Europe’s human rights court ruled Tuesday that companies can monitor their employees’ email only if they are notified in advance, giving shape to a rapidly evolving area of the law at the intersection of technology, privacy and workers’ rights.
In doing so, judges are scaling back a previous ruling that had stirred unease in Europe, where privacy is viewed as a fundamental right. That earlier decision had taken a similar approach to existing law in the United States, which gives companies wide-ranging powers to monitor workplace communications.
The latest decision, by the Grand Chamber of the European Court of Justice, provides more protection by requiring companies to inform workers of their policies. Judges also urged governments to establish safeguards against abuse and said businesses should consider using forms of monitoring that avoid infringing on an employee’s privacy.
The case centered on Bogdan Mihai Barbulescu, a Romanian man who had created a Yahoo Messenger account to communicate with clients. But his bosses summoned him on July 13, 2007, confronting him with a week’s worth of chat transcripts in which he talked with his brother and fiancee about personal matters.
Two weeks later, he was fired.
Romanian courts ruled against Barbulescu, who then brought his case to the European Court of Human Rights. In January 2016, the court ruled, 6-1, that the employer was justified in reading the chat history in the context of enforcing discipline. “It is not unreasonable for an employer to want to verify that the employees are completing their professional tasks during working hours,” it said at the time.
In the new ruling, the Grand Chamber, effectively the final appellate division within the European Court of Human Rights, dialed that back.
In an 11-6 ruling, it found that Barbulescu’s privacy rights had been violated.
“Today’s ruling is fairly clear in how it outlines the parameters of monitoring employees,” said Stephen Ravenscroft, a London-based partner specializing in employment law at White & Case, a law firm. “It won’t be sufficient for employers to have a general policy permitting monitoring — the policy will need to be much more detailed, outlining why, how and where employees may be monitored and explaining how any information gathered through monitoring may be used.”
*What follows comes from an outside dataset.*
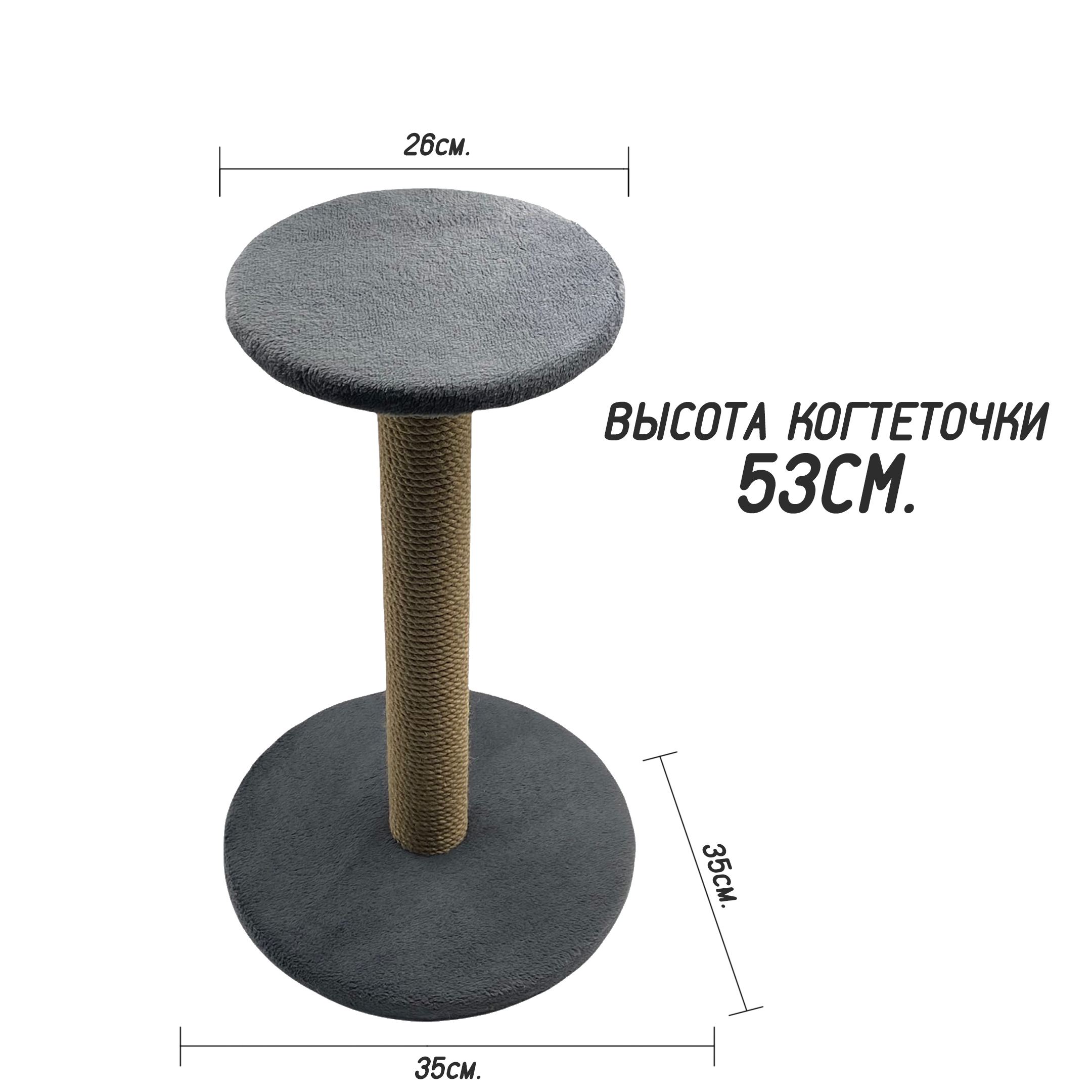Когтеточка столбик 53см, серая, джут

Although a colleague at the Romanian company had been fired for using her work computer, phone and photocopier for personal purposes, the court found that Barbulescu had “not been informed in advance of the extent and nature of his employer’s monitoring or the possibility that the employer might have access to the actual contents of his messages,” it said in its ruling.
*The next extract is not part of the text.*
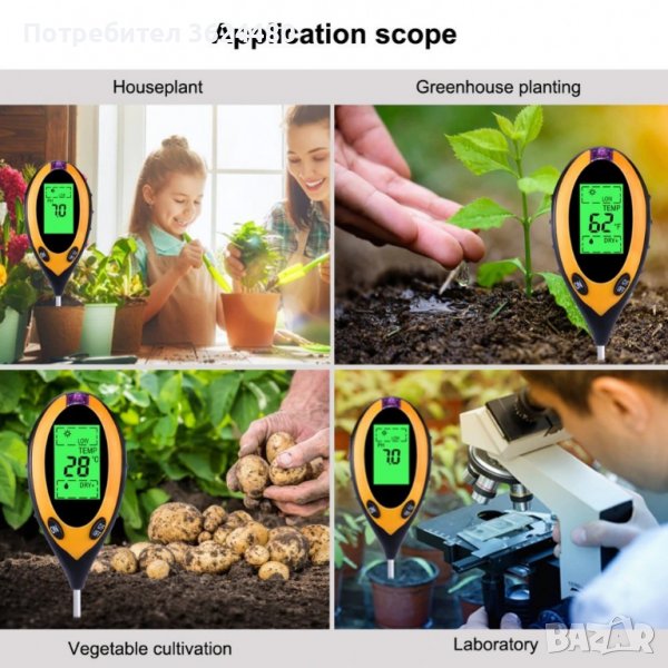 Мултифункционален измервателен уред, показващ четири показатели на почвата – влажност, pH, температура и осветеност.

Furthermore, the chamber found, Romanian courts did not sufficiently examine the company’s need to read the entirety of Barbulescu’s messages or the seriousness of the consequences of the monitoring, which resulted in dismissal.
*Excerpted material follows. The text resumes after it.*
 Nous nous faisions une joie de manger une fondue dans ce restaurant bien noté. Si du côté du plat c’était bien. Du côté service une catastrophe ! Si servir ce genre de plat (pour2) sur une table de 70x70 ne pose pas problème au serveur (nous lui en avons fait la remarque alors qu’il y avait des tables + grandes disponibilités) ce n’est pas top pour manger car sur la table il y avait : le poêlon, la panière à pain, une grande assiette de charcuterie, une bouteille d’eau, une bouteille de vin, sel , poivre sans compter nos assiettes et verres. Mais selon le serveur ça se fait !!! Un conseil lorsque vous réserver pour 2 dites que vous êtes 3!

The court noted that only a few countries in Europe — Austria, Britain, Finland, Luxembourg, Portugal and Slovakia — have explicitly regulated the issue of workplace privacy through domestic legislation. Most countries in the region do, however, require employers to give prior notice of monitoring. In countries like Denmark, France, Germany, Italy and Sweden, employers may monitor emails marked by employees as “private” but may not look at the content without permission.
The chamber ruled that countries should ensure that companies’ efforts to monitor employees’ communications are “accompanied by adequate and sufficient safeguards against abuse.”
The latest ruling in the case, Barbulescu v. Romania, applies to the 47 members of the Council of Europe, which includes nearly every country on the Continent, including Russia, Turkey and Ukraine. (The Council of Europe, which focuses on human rights, is separate from the European Union and is not to be confused with the European Council, one of the bloc’s governing bodies.)
In a dissent, six judges wrote that the Romanian courts had not violated Barbulescu’s right to privacy. They argued that Romanian authorities had carried out a “careful monitoring, including the corresponding disciplinary powers, in order to ensure the smooth running of the company.”
In a statement, one of Barbulescu’s lawyers, Emeric Domokos-Hancu, said the court’s decision proved that “the right to privacy in the workplace does exist.”
And, he said, the court had “correctly ascertained that a large part of the social, human, professional and personal relations are in fact initiated in workplaces.”
The Romanian Ministry of Foreign Affairs, which represented the country in court, did not immediately respond to a request for comment.
This was the first case that the court had taken up concerning the monitoring of an employee’s electronic communication by a private employer.
When it comes to electronic surveillance, the court has focused mostly on government use and collection of personal data, often in the context of criminal law or health care and not the conduct of private companies.
In 2007, the European Court of Human Rights found that Britain had violated the privacy of a secretary at a government-run college in Wales by monitoring her phone calls, email and internet use in 1999.
She had not been notified that her communications might be monitored, and the legal framework at the time was not clear. Britain enacted regulations in 2000, giving employers broad power to record or monitor employees’ communications without consent, as long as they took reasonable steps to inform employees that their communications might be intercepted.
In a case that is pending, an employee of the French national rail company, SNCF, has protested his firing. His employer had found pornography on his work computer, on a hard drive marked “personal data.”